What is the difference between %[^\n] and %[^\n]s? - c

Why some writers use %[^\n]s specifier instead of %[^\n]? Which one is correct?

If you want to read in a sequence of non-newline characters, %[^\n] is correct.
The %[ format specifier to scanf will accept any following characters until a ] is encountered. If the first given character is ^, then it accepts characters not in this list. The characters that are read are then placed in the given char * parameter.
%[^\n]s is the above format specifier followed by a literal 's'. The s is not part of the %[ format specifier. So this will read characters until it encounters a newline and put those characters in the given char *, then it will attempt to read an s character which it doesn't find because a newline is next.

Related

Question about format string in scanf function

For each of the following pairs of scanf format strings, indicate whether or not the two strings are equivalent. If they're not, show how they can be distinguished:
(b) "%d-%d-%d" versus "%d -%d -%d"
So in this case, my answer was that they were not equivalent. Because non-white-space characters except conversion specifier which start with %, cannot be preceded by spaces, it will not match with the non-white-space character. So in the first case, no spaces will be allowed after the first and second integer, while in the second case, any number of spaces will be allowed after the first 2 integers.
But I saw that the book had a different answer. It said that they were both equivalent to each other.
Is this the mistake of the book? Or am I just wrong with the concept of format string in the scanf function?
The book is wrong. As per the specification of the scanf():
Whitespace character: the function will read and ignore any whitespace characters encountered before the next non-whitespace character (whitespace characters include spaces, newline and tab characters -- see isspace). A single whitespace in the format string validates any quantity of whitespace characters extracted from the stream (including none).
Non-whitespace character, except format specifier (%): Any character that is not either a whitespace character (blank, newline or tab) or part of a format specifier (which begin with a % character) causes the function to read the next character from the stream, compare it to this non-whitespace character and if it matches, it is discarded and the function continues with the next character of format. If the character does not match, the function fails, returning and leaving subsequent characters of the stream unread.
So in first case when scanf arrives to the %d and gets the input, next is the - which means that scanf will expect next in the stream to see the non-whitespae character - and not any other whitespace character. So the legal input is 1- 2, but not 1 -2
In the second case, after first %d, scanf will allow the whitespace and than will arrive to non-whitespace, so it will allow the input 1 - 2 by the above definitions.
"%d-%d-%d" differs from "%d -%d -%d" and the difference has nothing to do with "%d".
Format "-" scans over input "-" and stops on the first space of input " -".
Format " -" scans over inputs "-" and " -" as the " " in the format matches 0 or more white-space characters in the input.
A directive composed of white-space character(s) is executed by reading input up to the first nonwhite-space character (which remains unread), or until no more characters can be read. The directive never fails. C17dr § 7.21.6.2 5
Had the question been: "%d-%d-%d" versus "%d- %d- %d",
These 2 are functionally identical.
We would need to dive input arcane stdin input errors to divine a potential difference.

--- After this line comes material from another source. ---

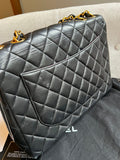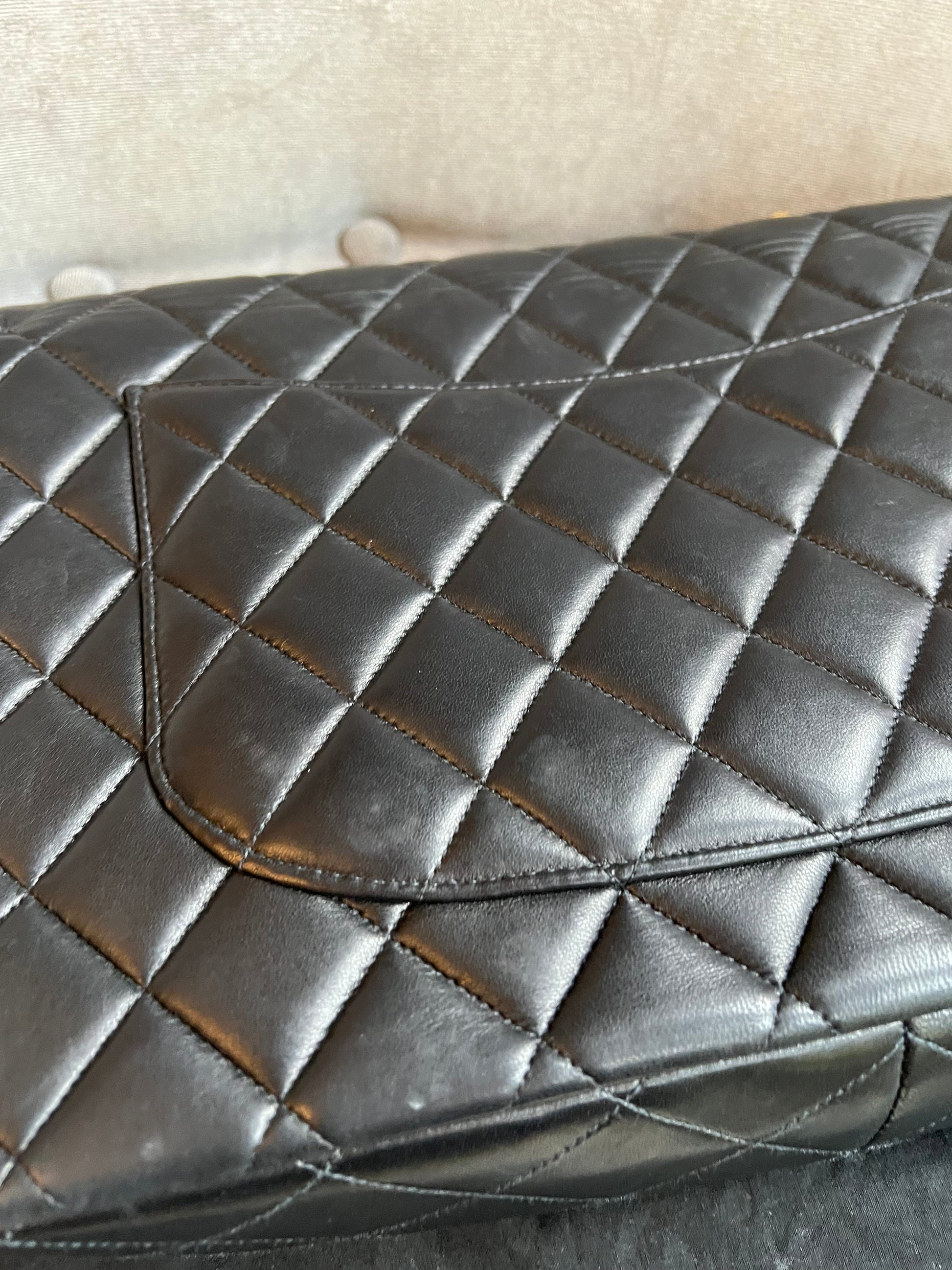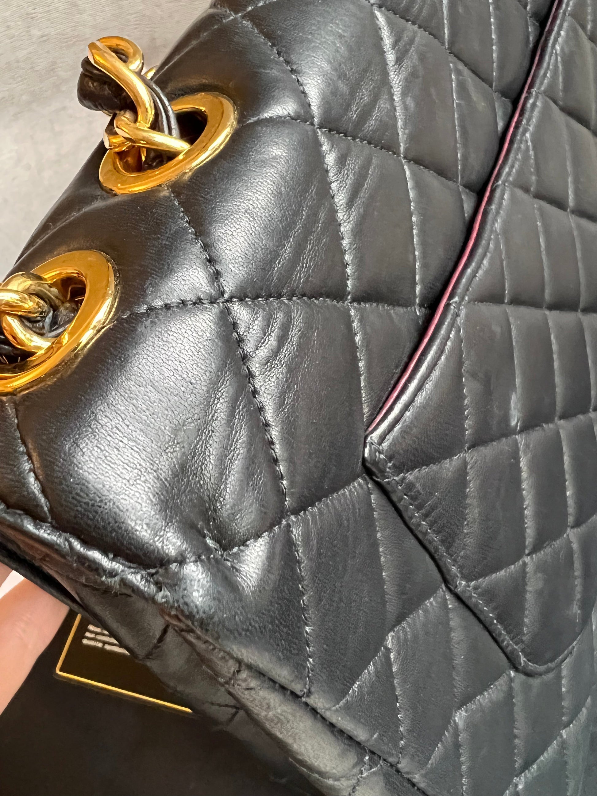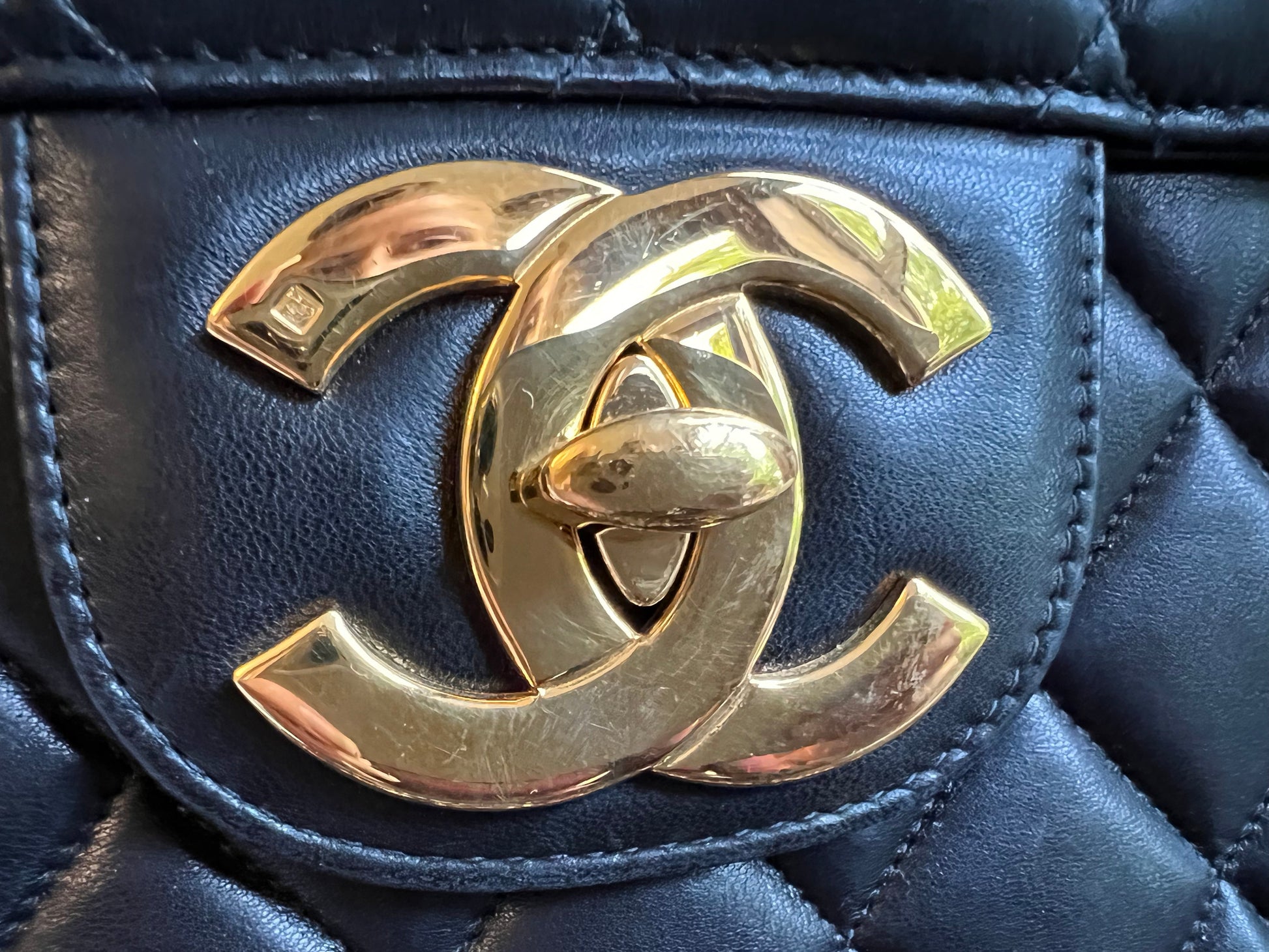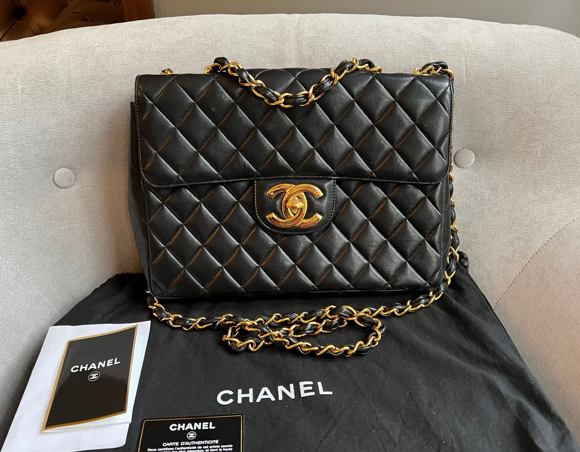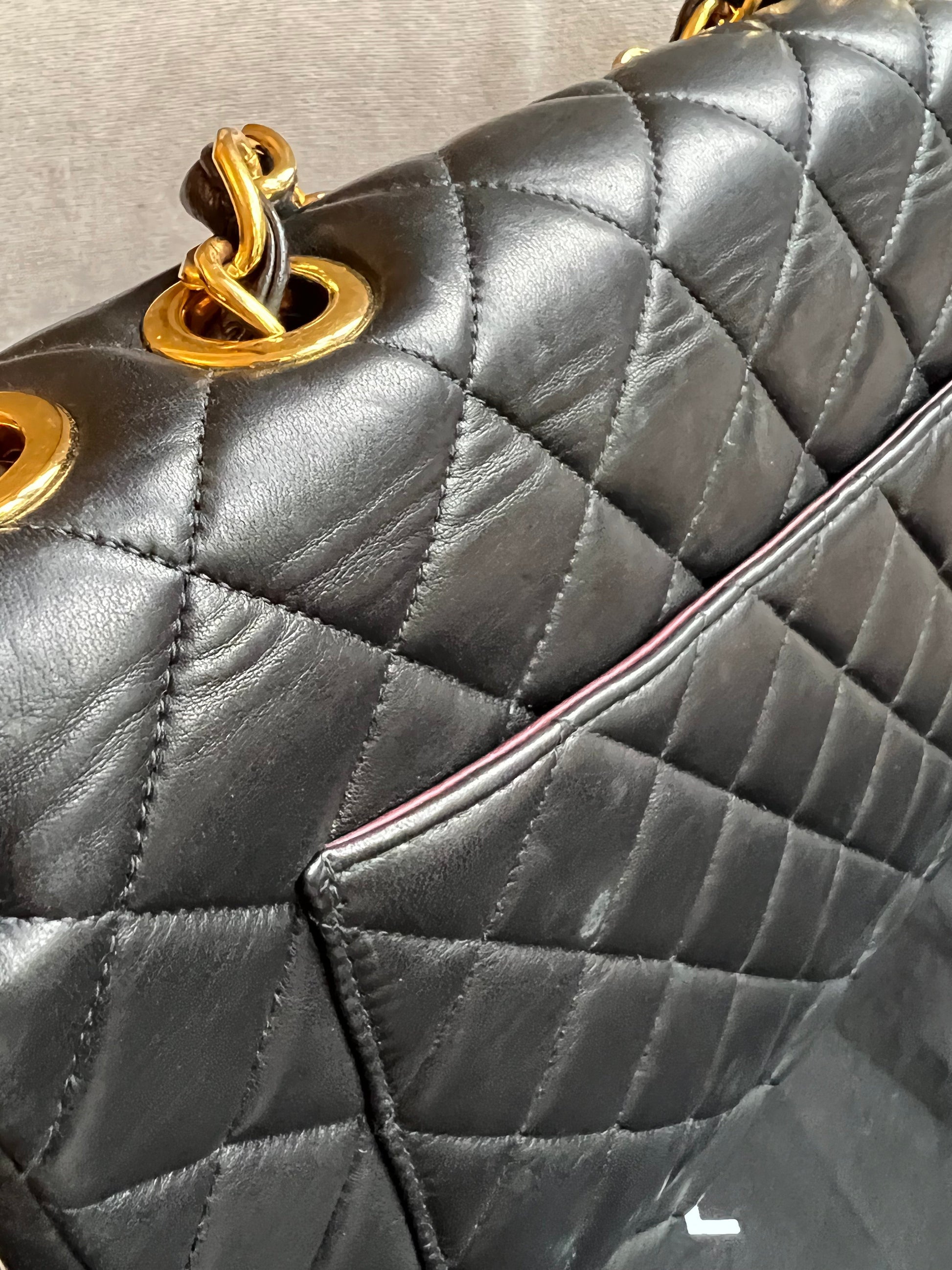 Chanel Vintage Classic Quilted Single Flap Jumbo in Black Lambskin with 24k Gold Hardware

What is the specifier %[^s] used for?

What is the specifier %[^s] used for?
s is a variable.
In which cases can I use this specifier?
The %[ format specifier to scanf will match a sequence of characters matching those that are listed between [ and ]. If the first character is ^, then it matches characters excluding those characters.
In your case %[^s] means "match any character besides the characters 's'. s is not a variable in this case.

What does scanf("%*[\n] %[^\n]", input_string); do?

I am not able to understand the difference. I use %[^\n]s, for taking phrases input from the user. But this was not working when I needed to add two phrases. But the above one did. Please help me understanding me the difference.
The %[\n] directive tells scanf() to match newline characters, and the * flag signals that no assignment should be made, so %*[\n] skips over any leading newline characters (assuming there is at least one leading \n character: more on this in a moment). There is a space following this first directive, so zero or more whitespace characters are skipped before the final %[^\n] directive, which matches characters until a newline is encountered. These are stored in input_string[], and the newline character is left behind in the input stream. Subsequent calls using this format string will skip over this remaining newline character.
But, there is probably no need for the %*[\n] directive here, since \n is a whitespace character; almost the same thing could be accomplished with a leading space in the format string: " %[^\n]".
One difference between the two: "%*[\n] %[^\n]" expects there to be a newline at the beginning of the input, and without this the match fails and scanf() returns without making any assignments, while " %[^\n]" does not expect a leading newline, or even a leading whitespace character (but skips them if present).
If you used "%[^\n]" instead, as suggested in the body of the question (note that the trailing s is not a part of the scanset directive), the first call to scanf() would match characters until a newline is encountered. The matching characters would be stored in input_string[], and the newline would remain in the input stream. Then, if scanf() is called again with this format string, no characters would be matched before encountering the newline, so the match would fail without assignment.
Please note that you should always specify a maximum width when using %s or %[] in a scanf() format string to avoid buffer overflow. With either of %s or %[], scanf() automatically adds the \0 terminator, so you must be sure to allow room for this. For an array of size 100, the maximum width should be 99, so that at most 99 characters are matched and stored in the array before the null terminator is added. For example: " %99[^\n]".
In scanf function, '*' tells the function to ignore a character from input.
%*[\n]
This tells the function to ignore the first '\n' character and then accept any string
Run the code and first give "ENTER" as input and then give "I am feeling great!!!"
Now print the buffer. You will get I am feeling great!!! as output
Try this code snippet
int main()
{
char buffer[100];
printf("Enter a string:"),scanf("%*[\n] %[^\n]', buffer),printf("buffer:%s\n", buffer);
return 0;
}
%[^\n] is an edit conversion code for scanf() as an alternative of gets(str).
Unlike gets(str), scanf() with %s cannot read more than one word.
Using %[^\n], scanf() can read even the string with whitespace.
It will terminate receiving string input from the user when it encounters a newline character.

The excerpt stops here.